Дело Хольмана Фернели включает дезертирство из армии, связи с партизанами, деятельность в роли военного советника. Перед черными очками Нандо проходит ряд фотографий: вот Фернели за решеткой, вот он салютует свастике, вот он распевает гимны на фоне серпа и молота. Вот он получает премии за заслуги и выигрывает велопробеги. На одних снимках он белобрыс, на других черняв, тут кучеряв, там брит наголо, тут он потолще, а там потощей. Его облик меняется, словно у хамелеона, за исключением одного – он неистребимо безобразен: какую бы маску он ни нацепил, смотреть на него все равно противно.
Арканхель, отрешенный, будто он раскладывает бесполезный пасьянс, располагает фотографии на столе рядами и окидывает их своим мягким, кротким взглядом, созданным, чтобы любоваться закатами.

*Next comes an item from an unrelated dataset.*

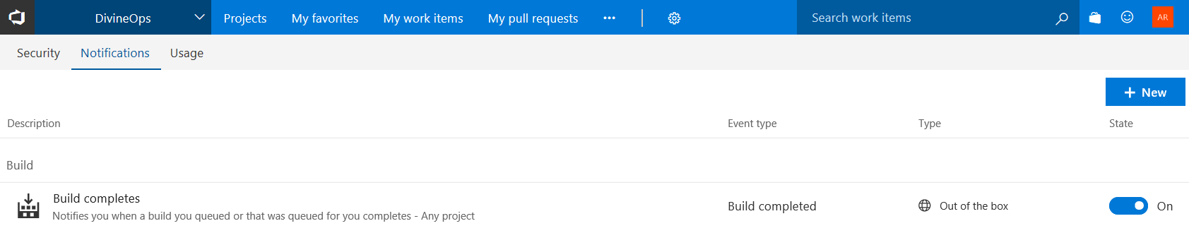 You can configure which notifications are on in the main VSTS configuration -> Notifications, as shown in the following screenshot:

– Этот человек светловолос, левша, молчалив, нос у него сломан, глаза больные, рост метр восемьдесят, – говорит он через некоторое время со сдержанной уверенностью, которую Нандо и другие оставляют без внимания, принимая за недомыслие.
Агентурные сведения называют Фернели агентом ЦРУ или КГБ, профсоюзным лидером, организатором забастовок. Досье говорят о нем как о специалисте по взрывчатым веществам, прошедшем обучение у ультраправых в Израиле, но и как об артиллеристе с дипломом Гаванской школы подрывников. Из старых газетных вырезок можно узнать о его участии в штурме казарм, ограблениях банков, похищениях миллионеров.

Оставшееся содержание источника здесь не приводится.